_DATA EXTRACT_.
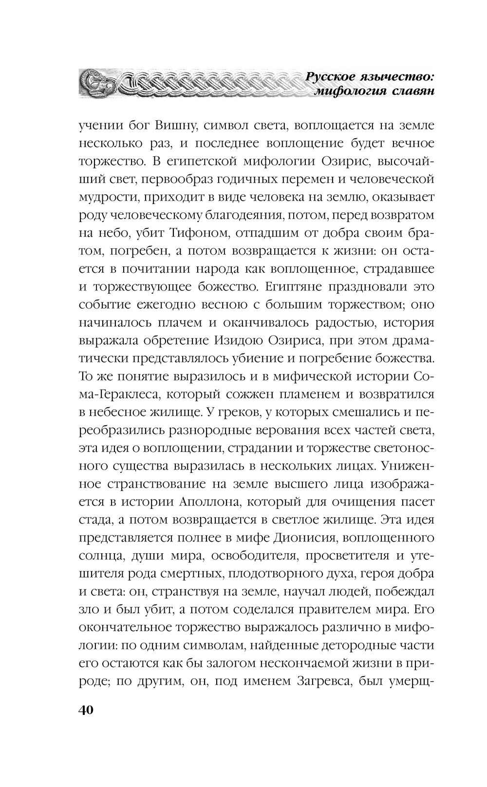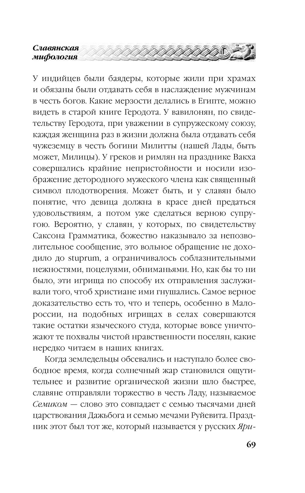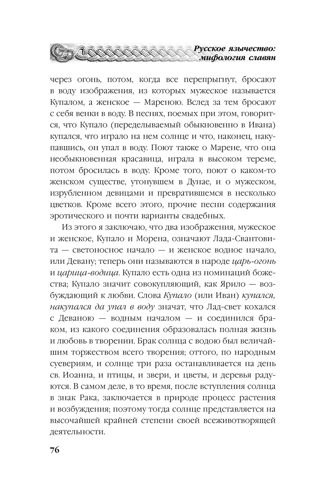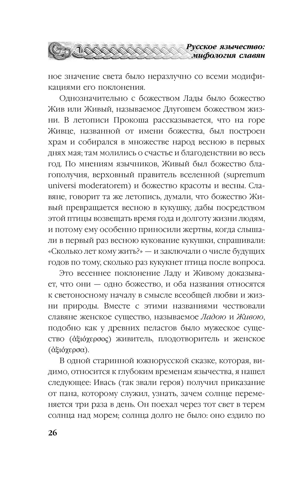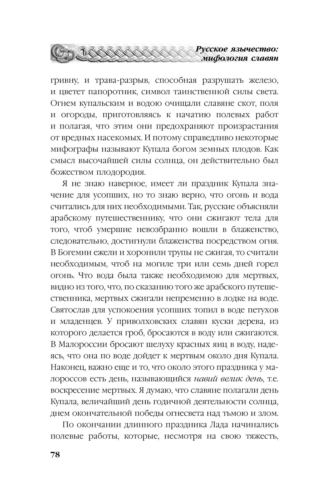 Перун, Сварог, Даждь-бог, Радегаст, Свантовит, Бел-бог, Яровит, Жив, Лад, Лель – много ли мы знаем об этих божествах, олицетворявших у наших языческих предков различные силы природы и человеческого бытия: света, солнца, весны, любви, войны? А празднества – Иван Купала, Велик день, Коляды, гадание на соломине, этимология слов: Руса, Россь – русло; огород, загород – город; сад – верт – вертоград? В своем фундаментальном труде выдающийся историк, один из основоположников русской исторической мысли Николай Иванович Костомаров (1817-1885), сопоставив данные славянской истории и фольклора с данными других индоевропейских народов, создал единую систему огромной мифологии славян.
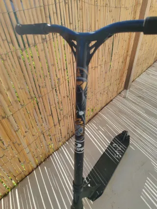 Patinete de estilo libre Ethic DTC. - Diseño en color negro. - Manillar con puños negros. - Plataforma ancha para mayor estabilidad. - Ruedas delanteras y traseras.
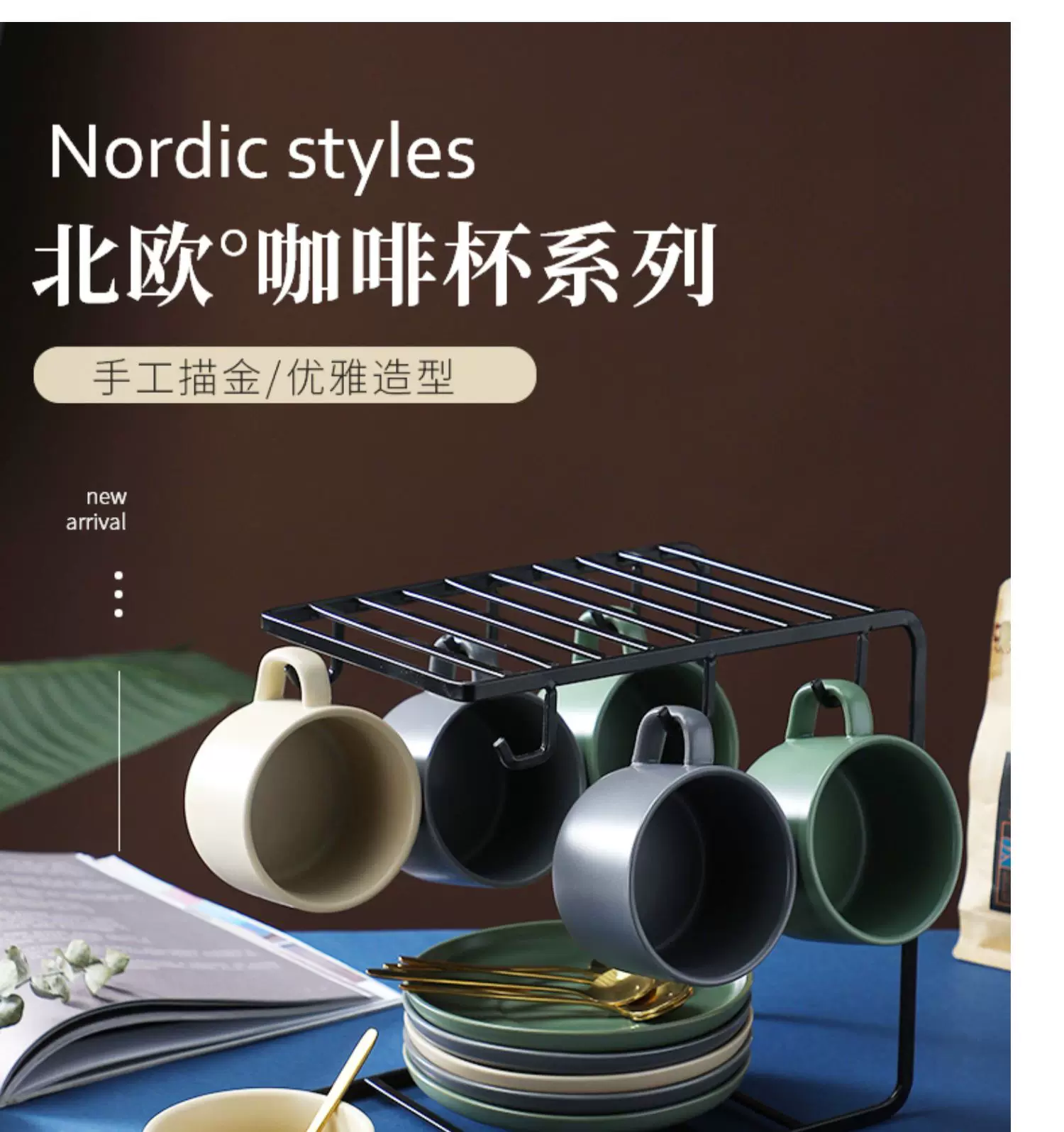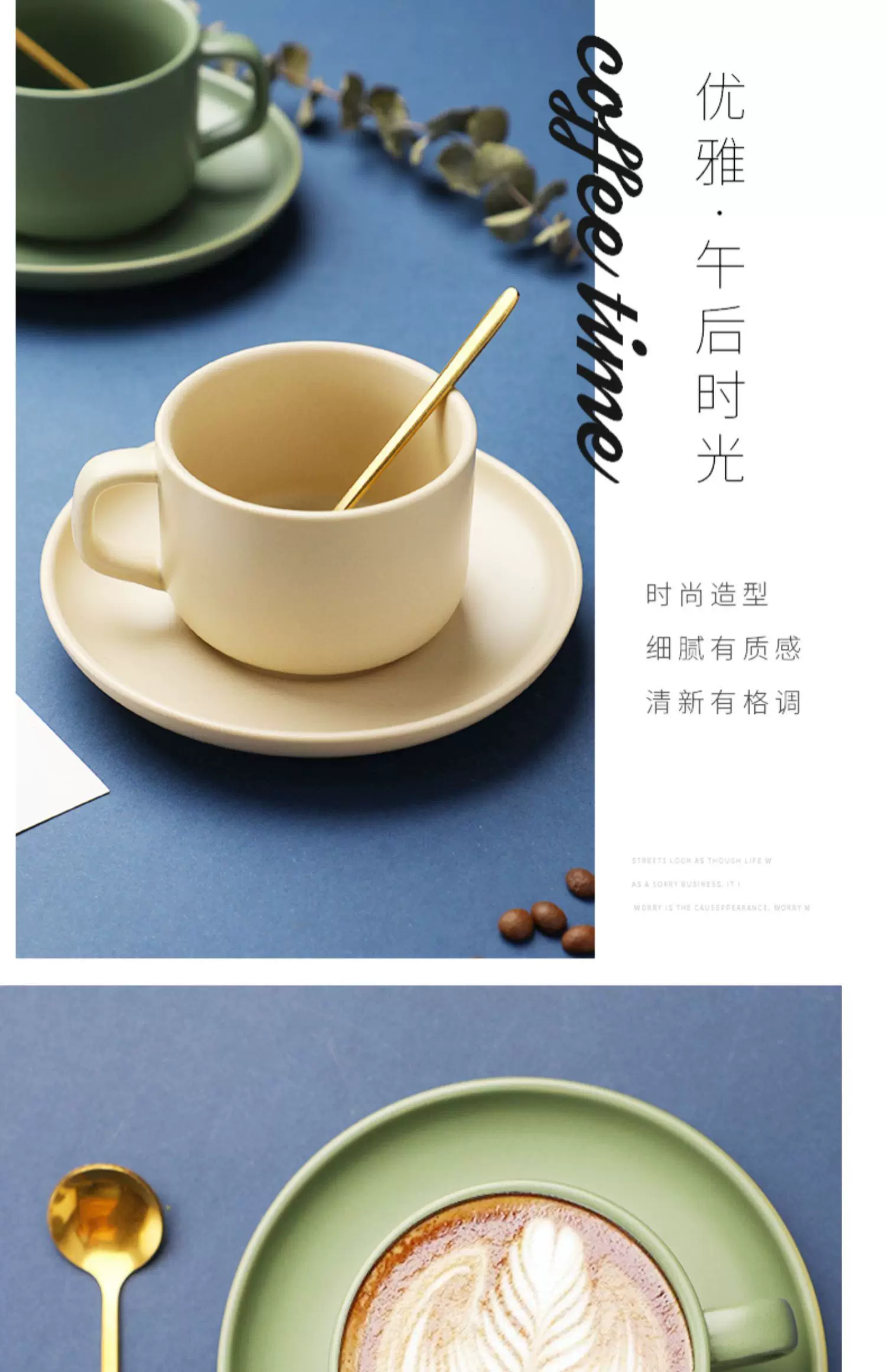 Bộ tách trà cà phê sứ cao cấp, bộ đồ ăn uống chiều, tách cà phê cao cấp, tách vẽ latte

_ASSIGNED TASK_.
Write the listing out exactly, word for word, but omit the pictures.

_WRITTEN SOLUTION_.
 Перун, Сварог, Даждь-бог, Радегаст, Свантовит, Бел-бог, Яровит, Жив, Лад, Лель – много ли мы знаем об этих божествах, олицетворявших у наших языческих предков различные силы природы и человеческого бытия: света, солнца, весны, любви, войны? А празднества – Иван Купала, Велик день, Коляды, гадание на соломине, этимология слов: Руса, Россь – русло; огород, загород – город; сад – верт – вертоград? В своем фундаментальном труде выдающийся историк, один из основоположников русской исторической мысли Николай Иванович Костомаров (1817-1885), сопоставив данные славянской истории и фольклора с данными других индоевропейских народов, создал единую систему огромной мифологии славян.
 Patinete de estilo libre Ethic DTC. - Diseño en color negro. - Manillar con puños negros. - Plataforma ancha para mayor estabilidad. - Ruedas delanteras y traseras.
 Bộ tách trà cà phê sứ cao cấp, bộ đồ ăn uống chiều, tách cà phê cao cấp, tách vẽ latte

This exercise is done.